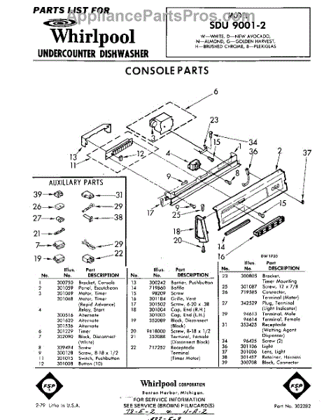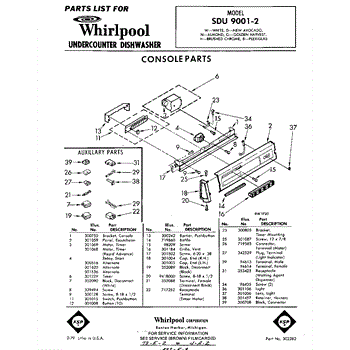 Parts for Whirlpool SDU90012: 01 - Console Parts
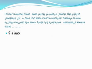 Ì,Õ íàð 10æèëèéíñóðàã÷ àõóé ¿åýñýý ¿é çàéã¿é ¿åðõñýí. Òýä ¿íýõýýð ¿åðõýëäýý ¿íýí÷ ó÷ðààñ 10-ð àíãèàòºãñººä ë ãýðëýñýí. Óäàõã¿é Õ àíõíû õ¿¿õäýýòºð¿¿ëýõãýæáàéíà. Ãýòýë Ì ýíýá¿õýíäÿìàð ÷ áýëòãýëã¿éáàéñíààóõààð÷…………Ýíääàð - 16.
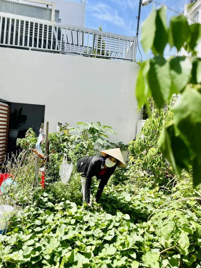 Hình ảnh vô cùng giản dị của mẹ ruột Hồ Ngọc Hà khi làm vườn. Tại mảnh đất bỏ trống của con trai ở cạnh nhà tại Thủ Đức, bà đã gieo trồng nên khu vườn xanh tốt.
____
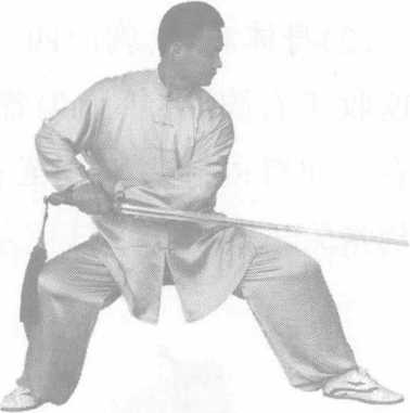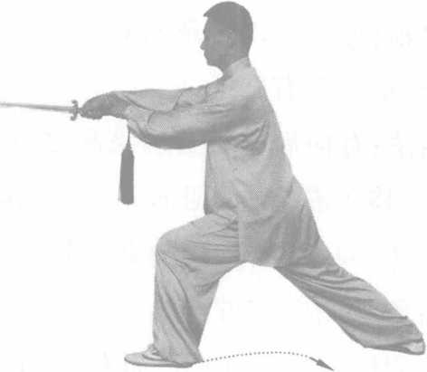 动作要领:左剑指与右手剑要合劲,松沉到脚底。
____
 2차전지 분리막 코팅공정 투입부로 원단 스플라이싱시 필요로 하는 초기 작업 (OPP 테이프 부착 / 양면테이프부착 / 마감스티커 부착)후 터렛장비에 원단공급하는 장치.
____
#### Brief
Beginning with the line above that contains "Parts for Whirlpool" and ending with the line that contains "Hình ảnh vô", quote each line exactly, keeping out the pictures.

#### Solution below
 Parts for Whirlpool SDU90012: 01 - Console Parts
 Ì,Õ íàð 10æèëèéíñóðàã÷ àõóé ¿åýñýý ¿é çàéã¿é ¿åðõñýí. Òýä ¿íýõýýð ¿åðõýëäýý ¿íýí÷ ó÷ðààñ 10-ð àíãèàòºãñººä ë ãýðëýñýí. Óäàõã¿é Õ àíõíû õ¿¿õäýýòºð¿¿ëýõãýæáàéíà. Ãýòýë Ì ýíýá¿õýíäÿìàð ÷ áýëòãýëã¿éáàéñíààóõààð÷…………Ýíääàð - 16.
 Hình ảnh vô cùng giản dị của mẹ ruột Hồ Ngọc Hà khi làm vườn. Tại mảnh đất bỏ trống của con trai ở cạnh nhà tại Thủ Đức, bà đã gieo trồng nên khu vườn xanh tốt.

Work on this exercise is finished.